Sunday, September 11, 2005

Rave: Rockstar:INXS

I feel the need to write something (anything) in support of Rockstar:INXS. I'm not sure if it has anything to do with the very hot Dave Navarro (and my other little obsession, Brian Molko, thinks he's hot too), but I am totally, utterly hooked on the show.
Dave Navarro

Now, I will admit to being a bit of a reality TV junkie; I am a fan of The Apprentice and The Amazing Race, but normally anything to do with music makes me want to deafen myself with the nearest skewer. NZ Idol, in particular, is the lowest kind of dross that approves of barely disguised hiphop and painful sounding vocal gymnastics while reviling a good rock performance whereever it may be found.

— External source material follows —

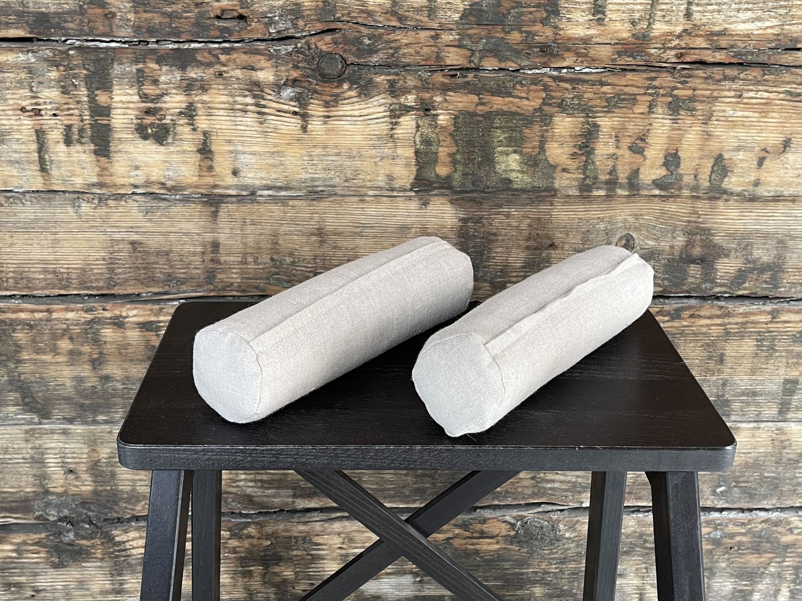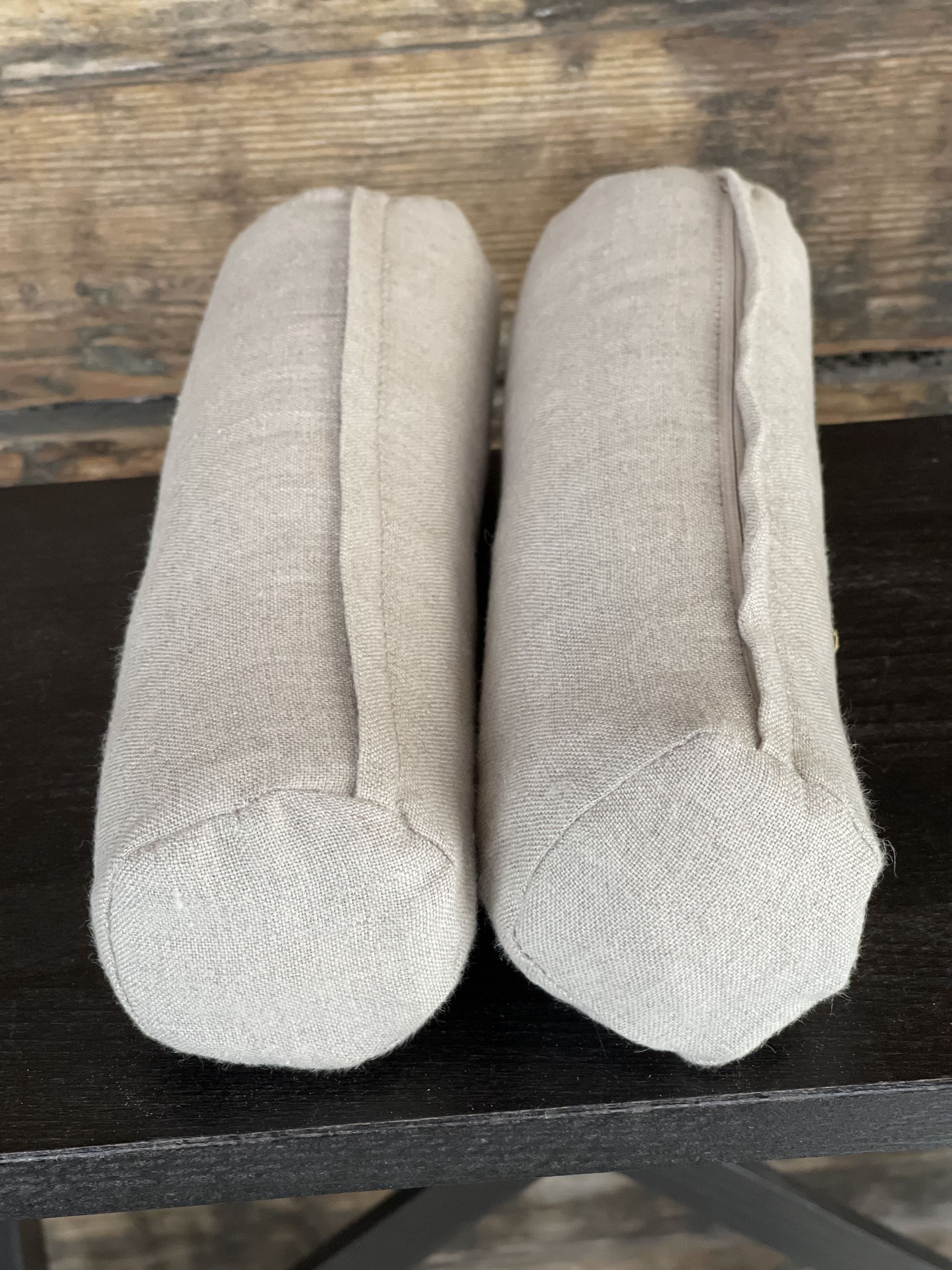Mini rullīši ar dabīgi pelēkām nekrāsota lina spilvendrānām, griķu sēnalu spilveni

I hadn't planned on watching Rockstar. I had actively planned on not watching it, in fact. But, some friend of mine had their second baby the day it started showing here. I was babysitting their first, and waiting for the Dad to get home from the hospital. There was a TV guide on the table, and I foolishly read the article about the show, decided Dave Navarro was compelling (but not hot at that stage), and foolishly didn't change channel when the show came on. Now I am completely and irrevocably hooked. Even though the show is three nights a week, even though NZ for some reason is getting the show two weeks behind the civilised world and therefore can't vote, even though some of the so-called rockers irritate the snot out of me. I live for the nights it is on, and spend the other four nights a week wishing it was on. I've never felt this way about a TV show before.

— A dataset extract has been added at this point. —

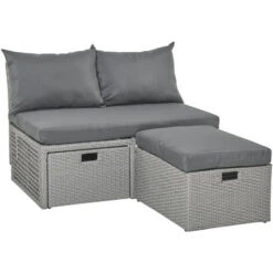 – Ensemble salon de jardin 3 pièces composé d’un canapé 2 places, d’un pouf et d’un coffre de rangement très pratique pour ranger vos coussins
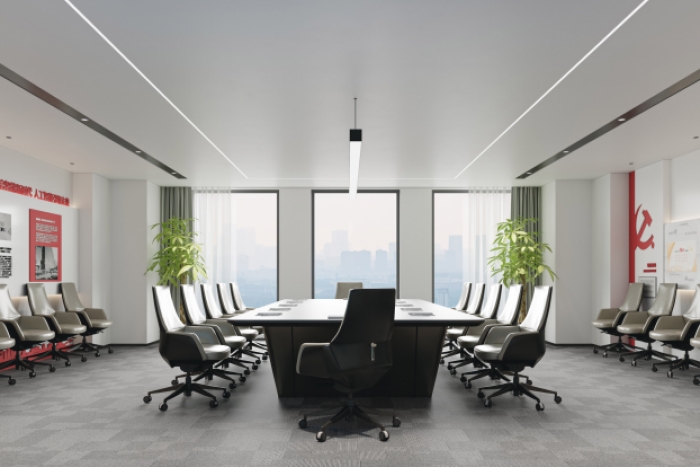 會議室采用灰色方塊地毯,全封閉雙層石膏板吊頂。

Why do I like it? I love the music, and I love the fact that it is not butchered (generally speaking) by the rockers -- they are true professionals, not Joe-Schmo off the street. Dave Navarro is hot. The little guy from INXS who plays the bass is too cute for words. The show does not focus on the backbiting jealousies of the individual rockers (in fact, as far as I can tell apart from JD pissing nearly everyone off, there aren't any), but rather on their development as stars. And there are some genuinely likeable people on it (Mig Ayesa, if you're reading this, I am talking about you).
Mig Ayesa

None of that, however, makes my absolute love of the show defensible from any sane person's standpoint. I've thought a lot about the show and why I don't feel like it is a sellout for INXS, and why I find it in any way bearable. I think it is a great thing for INXS to do. It has been eight years since Michael Hutchence died, and in that time INXS has sung with a number of people and not found a new lead singer.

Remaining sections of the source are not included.